Speaking after the release of the figures by Statistics South Africa, Seifsa chief economist Henk Langenhoven said the fourth-quarter numbers were 2.1% lower than in the same period in 2013 and 3.3 lower than in November 2012.

The latter seemed to have been the beginning of a decline, he noted, adding that the average capacity utilisation for the sector had been almost constant, at 78.8%, for the last three years, against a benchmark of 85%.

Capacity utilisation was 81% in November.

Langenhoven said underutilisation of capacity could be ascribed to labour and other production disruptions that took place last year.

“Just as it was hoped that these disruptions would have subsided, the electricity constraints started to bite and will have an impact in the foreseeable future.
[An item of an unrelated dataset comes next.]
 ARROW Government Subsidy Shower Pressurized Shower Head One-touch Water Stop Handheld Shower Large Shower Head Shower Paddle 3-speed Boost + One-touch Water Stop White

“Capacity utilisation as an indicator is now an important variable used in studies of countries’ growth potential. Taking this important variable into account, the latest South African Reserve Bank and International Monetary Fund studies show that South Africa’s growth potential has declined from 3.5% to 2.5%,” he commented, adding that the metals and engineering sector represented 34% of manufacturing in the country.
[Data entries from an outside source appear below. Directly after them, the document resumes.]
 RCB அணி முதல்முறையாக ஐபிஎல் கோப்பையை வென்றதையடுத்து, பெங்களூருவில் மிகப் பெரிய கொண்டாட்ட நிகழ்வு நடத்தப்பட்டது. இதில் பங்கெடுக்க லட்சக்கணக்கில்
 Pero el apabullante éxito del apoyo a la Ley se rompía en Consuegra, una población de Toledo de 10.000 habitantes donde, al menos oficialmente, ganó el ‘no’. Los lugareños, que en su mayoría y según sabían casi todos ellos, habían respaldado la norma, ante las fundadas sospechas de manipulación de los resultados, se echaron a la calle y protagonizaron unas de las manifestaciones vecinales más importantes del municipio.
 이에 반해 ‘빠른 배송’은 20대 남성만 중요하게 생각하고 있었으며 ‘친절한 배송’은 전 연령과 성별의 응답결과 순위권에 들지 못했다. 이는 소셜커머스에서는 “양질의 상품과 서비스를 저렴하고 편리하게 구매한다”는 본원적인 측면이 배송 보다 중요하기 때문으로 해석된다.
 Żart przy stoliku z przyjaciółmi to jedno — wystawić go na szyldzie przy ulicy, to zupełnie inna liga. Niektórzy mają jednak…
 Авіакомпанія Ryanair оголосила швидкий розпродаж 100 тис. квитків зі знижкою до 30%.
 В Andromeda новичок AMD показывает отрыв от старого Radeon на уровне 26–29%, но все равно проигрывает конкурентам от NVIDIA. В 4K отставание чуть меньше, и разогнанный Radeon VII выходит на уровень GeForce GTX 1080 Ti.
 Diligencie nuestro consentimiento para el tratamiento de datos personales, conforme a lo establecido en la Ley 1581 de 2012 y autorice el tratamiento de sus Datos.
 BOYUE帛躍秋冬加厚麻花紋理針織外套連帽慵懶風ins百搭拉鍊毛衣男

Langenhoven outlined that gross operating surplus numbers for the sector had been negative since 2012 and, with underutilisation of current production capacity within an environment of upward cost pressures, profit margins could be under increased threat.

“If the general outlook for domestic and international growth is not rosy, then it is almost logical that little or no investment will take place,” he said, adding that these were very worrying trends for the sector and the country.